Member of the Illinois Senate from the 8th district
- In office January 1999 – January 2019
- Preceded by: Howard W. Carroll
- Succeeded by: Ram Villivalam

Personal details
- Born: October 10, 1960 (age 65) Chicago, Illinois
- Party: Democratic
- Spouse: Debra Silverstein
- Children: Four
- Alma mater: Loyola University (B.A.) John Marshall Law School (J.D.)
- Profession: Attorney

= Ira Silverstein =

American politician

Ira I. Silverstein (born October 10, 1960) is a former Democratic member of the Illinois Senate, representing the 8th district from 1999 to 2019. The 8th Senate District consists of Forest Glen, North Park and West Ridge in the City of Chicago and its surrounding suburbs of Park Ridge, Morton Grove, Niles, Lincolnwood and Skokie, as of the decennial redistricting following the 2010 United States census.

== Early life ==
Silverstein's father was a public school teacher. Silverstein attended Boone Elementary School and Mather High School and then earned his bachelor's degree from Loyola University Chicago. He later received his J.D. degree from the John Marshall Law School.

== Senate career ==

Silverstein was the Chairman of the Senate Executive Committee, and he served on the Senate Judiciary and Licensed Activities committees, and the Joint Committee on Administrative Rules (JCAR). JCAR reviews regulations imposed by state departments on business and citizens to ensure they are in accordance with the department's legal authority.
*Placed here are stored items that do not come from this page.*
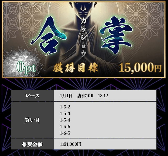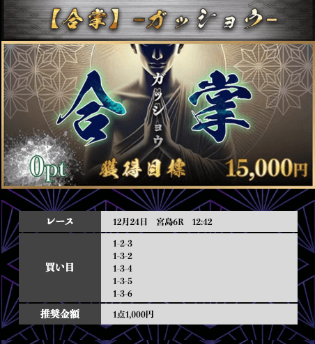 ’25/12/24 的中無料予想で5,800円獲得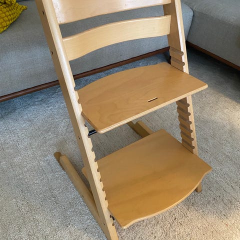 Stokke Tripp Trapp højstol i naturfarvet træ. Højstolen har justerbar siddeplade og fodplade, som kan tilpasses barnets højde. Der er monteret bøjle foran sædet samt fodstøtte med metalstang. Klassisk Tripp Trapp-konstruktion i massivt træ, egnet til brug ved spisebord eller som siddeplads til børn i forskellige aldre, afhængigt af tilbehør og indstilling.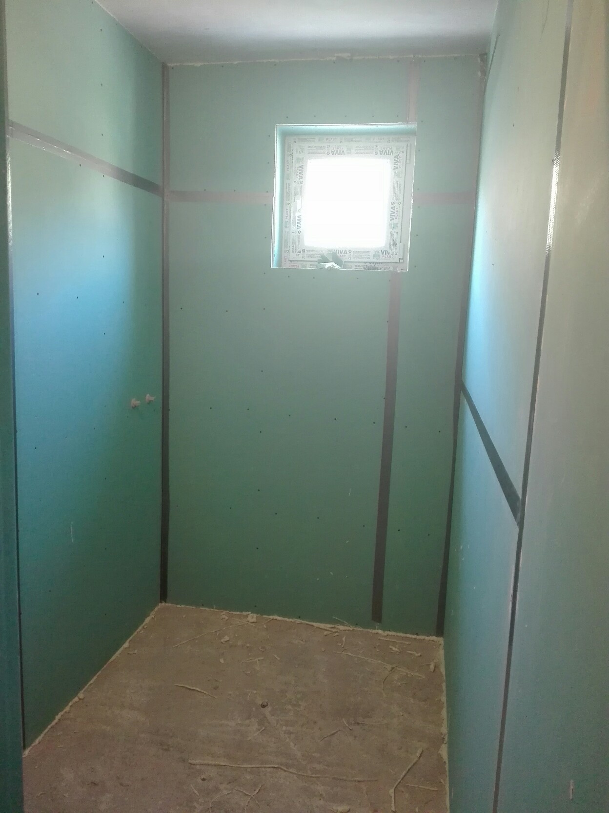 Намира се на втория необитаем (за сега) етаж на двуетажна къща.Тъй като къщата е неизмазана ,собственика е решил навсякъде да прави вътрешна изолация с гипсокартон на конструкция и вата .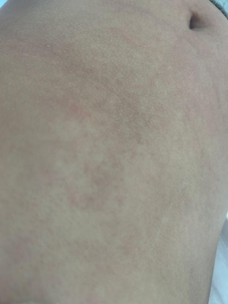 보여주신 사진으로는 피부 병변이 잘 보이지 않습니다.

In 2013, Silverstein introduced the "Internet Posting Removal Act" which sought to require web site admins to "upon request, remove any posted comments posted by an anonymous poster unless the anonymous poster agrees to attach his or her name to the post and confirms that his or her IP address, legal name, and home address are accurate. The bill was the subject of much derision, and was later withdrawn.

He also introduced a modification to the Illinois Vehicle Code to make operating a motor vehicle with a wearable computing headset illegal.
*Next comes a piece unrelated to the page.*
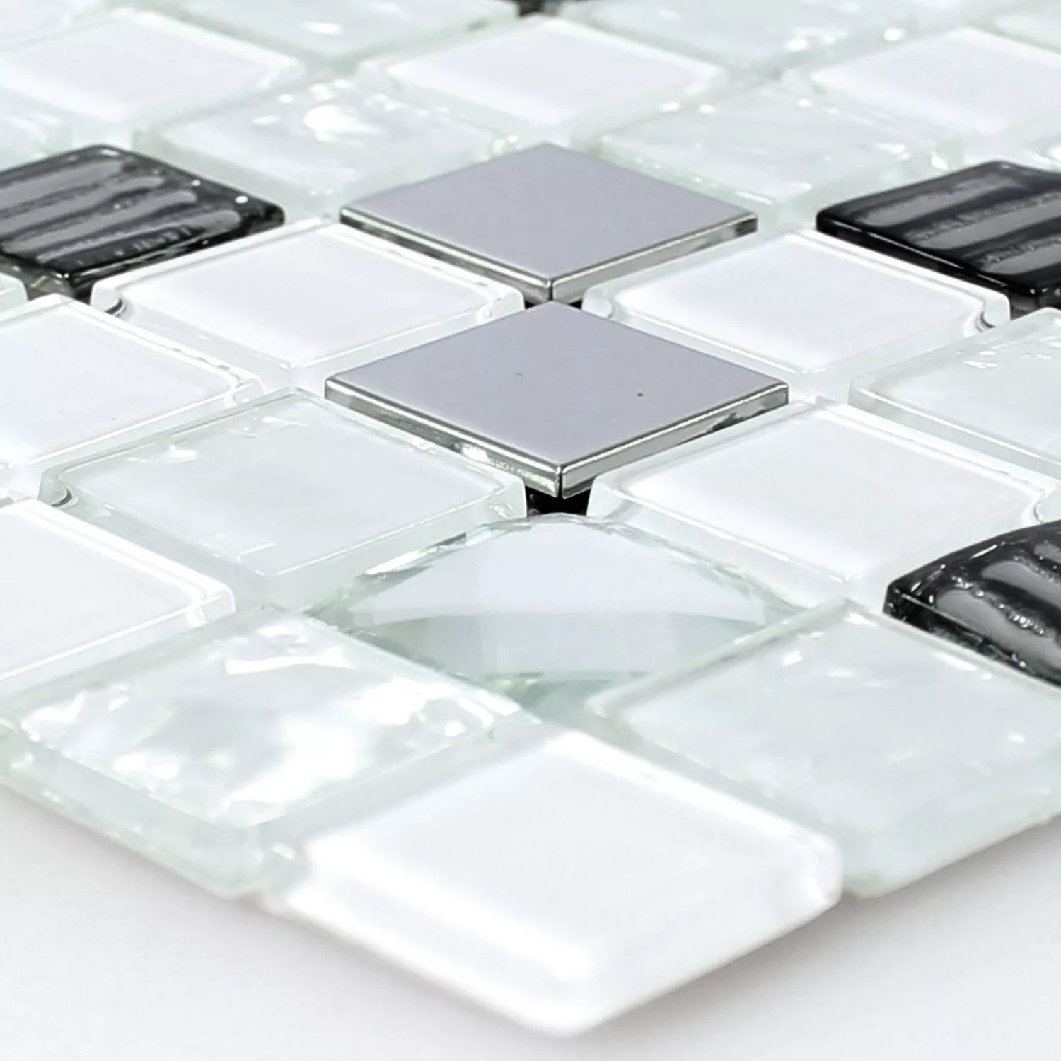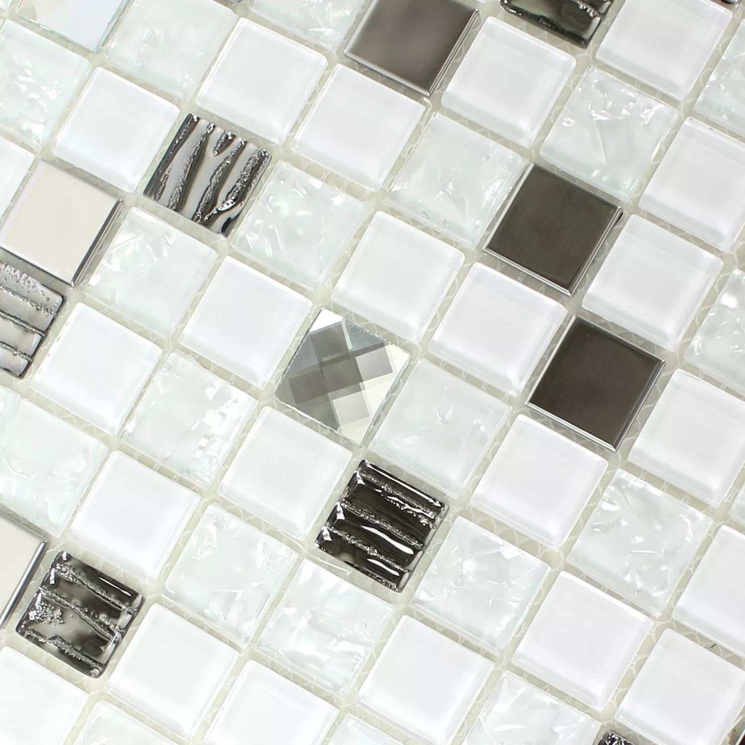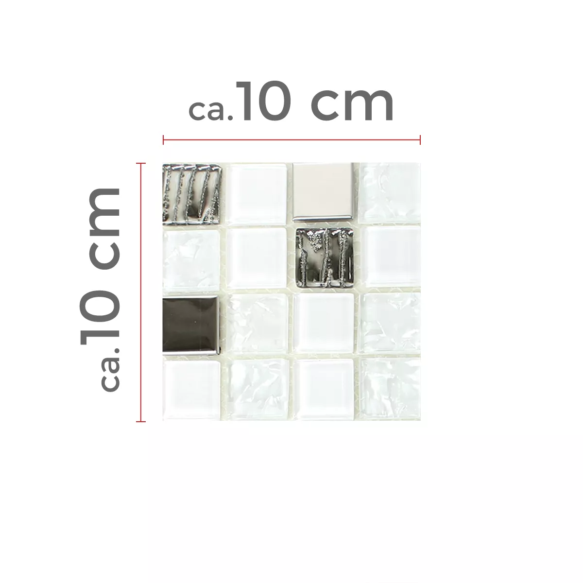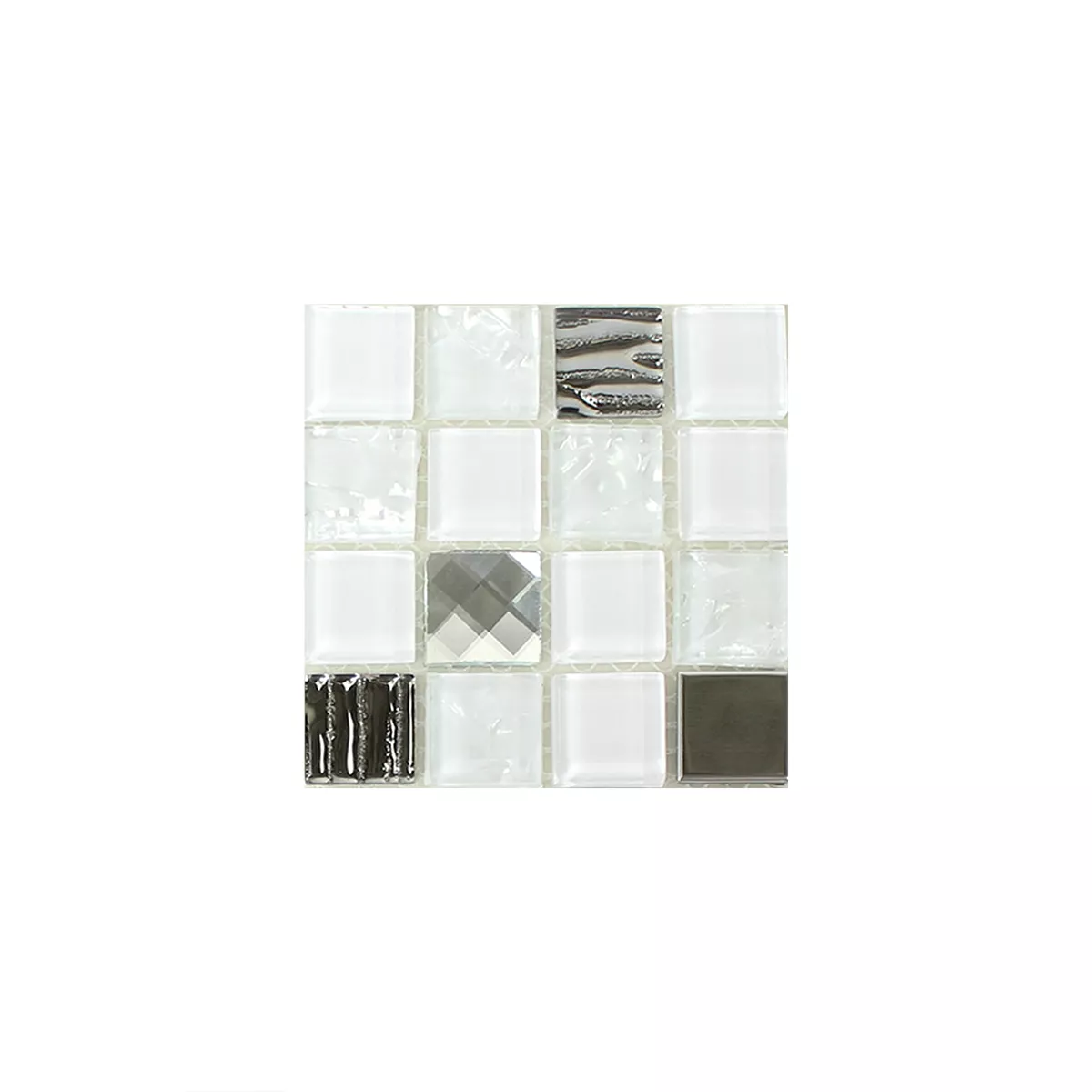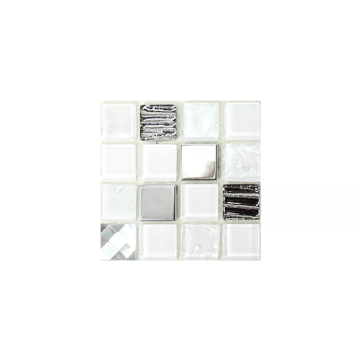 Sample Self Adhesive Glass Stainless Steel Mosaic White Silver

In 2017, he was accused of sexual harassment by victims rights advocate Denise Rotheimer, who released a series of flirtatious messages the two had exchanged. He resigned his position as Senate Democratic whip after she named him publicly during legislative hearings. Rotheimer claimed Silverstein made unwanted comments about her appearance and late-night phone calls she felt pressured to accept in order to advance legislation. The inspector general of the Illinois General Assembly released a report in January 2018 saying he did not engage in sexual harassment but he "did behave in a manner unbecoming of a legislator in violation of the Illinois Governmental Ethics Act."

In the March 20, 2018 Democratic primary, Silverstein was defeated by more than 20 points by Ram Villivalam in the first competitive primary he faced since taking the seat. Silverstein resigned a few days before the start of the 101st General Assembly allowing his successor to be sworn in the weekend before inauguration.
Also in 2018, Debra Silverstein, his wife, replaced Ira Silverstein as the Democratic Party's committeeperson (until 2018 legal name change, "committeeman") for Chicago's 50th Ward.
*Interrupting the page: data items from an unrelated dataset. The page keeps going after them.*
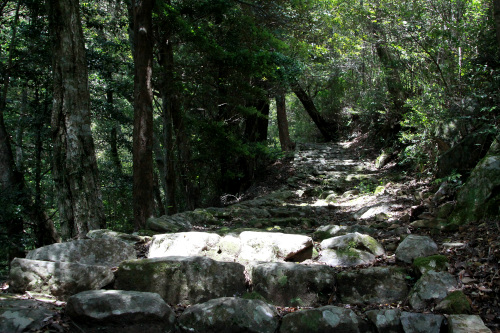 とりあえず本堂と大師堂でお参りを済ませ、社務所で納経をする。だが、それだけで神峯寺を後にするのも味気ないというものだ。この神峯寺はあくまで明治時代に再興された新しい寺院である。それ以前より遍路の崇高を集めてきた霊場としての歴史は、さらに石段を上った先に鎮座する神峯神社の方が圧倒的に長いのだ。 ![]() というわけで、境内のさらに奥へと伸びる石段を進んでいく
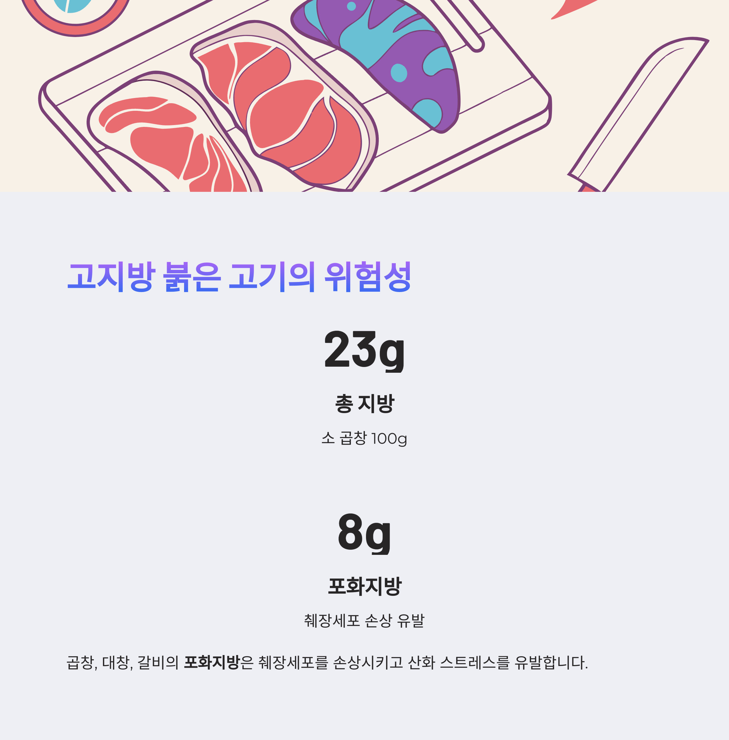붉은 고기(곱창 등) 포화지방 곱창 100g: 지방 23g, 포화지방 8g 세포 손상, 만성 췌장염, 췌장암 위험 증가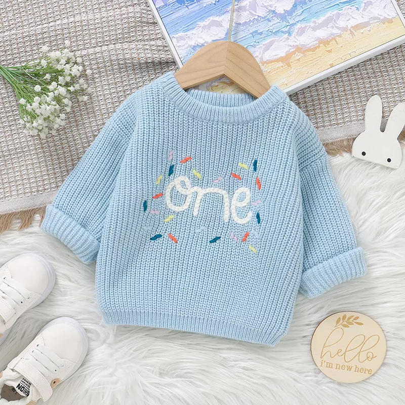 Cozy Knitted Baby Sweater with Embroidered Letter
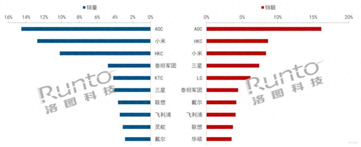 2023年显示器线上市场销量与销额-洛图科技统计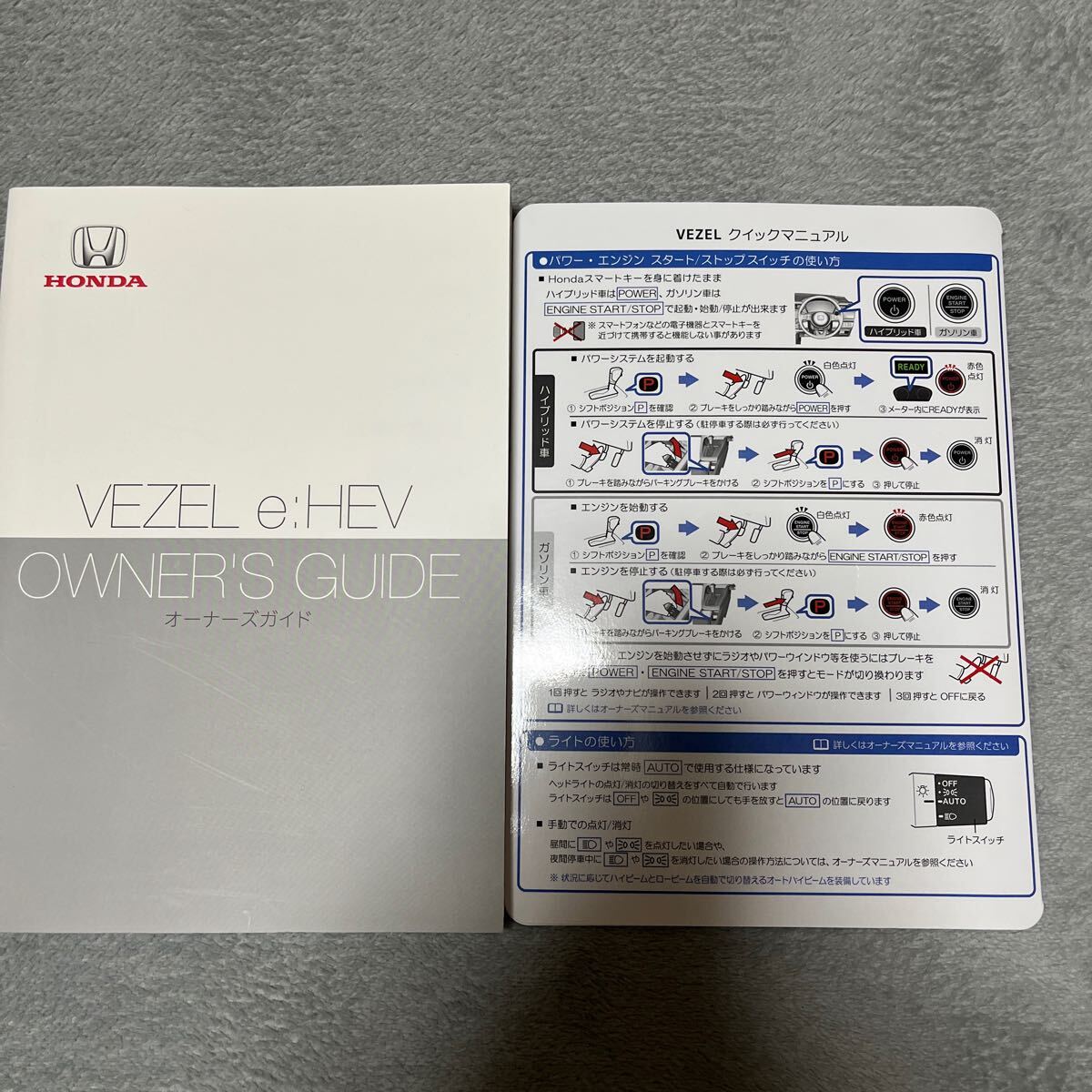 > ホンダ HONDA 取扱説明書 取説 クイックマニュアル オーナーズマニュアル ヴェゼル VEZEL eHEV ハイブリッド RV5

In early 2020, Ira Silverstein ran for election for the 9th Subcircuit judge of the Cook County Judicial Circuit Court in Illinois. Silverstein lost in the Democratic primary on March 17, 2020.

== Personal life ==
Silverstein is a practicing attorney. He maintains offices in downtown Chicago and a neighborhood office on Devon Avenue, serving small business owners and residents in matters such as elder law, estate planning and business issues.

Silverstein is married to Chicago Alderman Debra Silverstein, and they have four children.

Silverstein is an Orthodox Jew. As a state senator, he shared an office suite with fellow senator and future U.S. president Barack Obama, who would often assist Silverstein with various tasks on the Sabbath.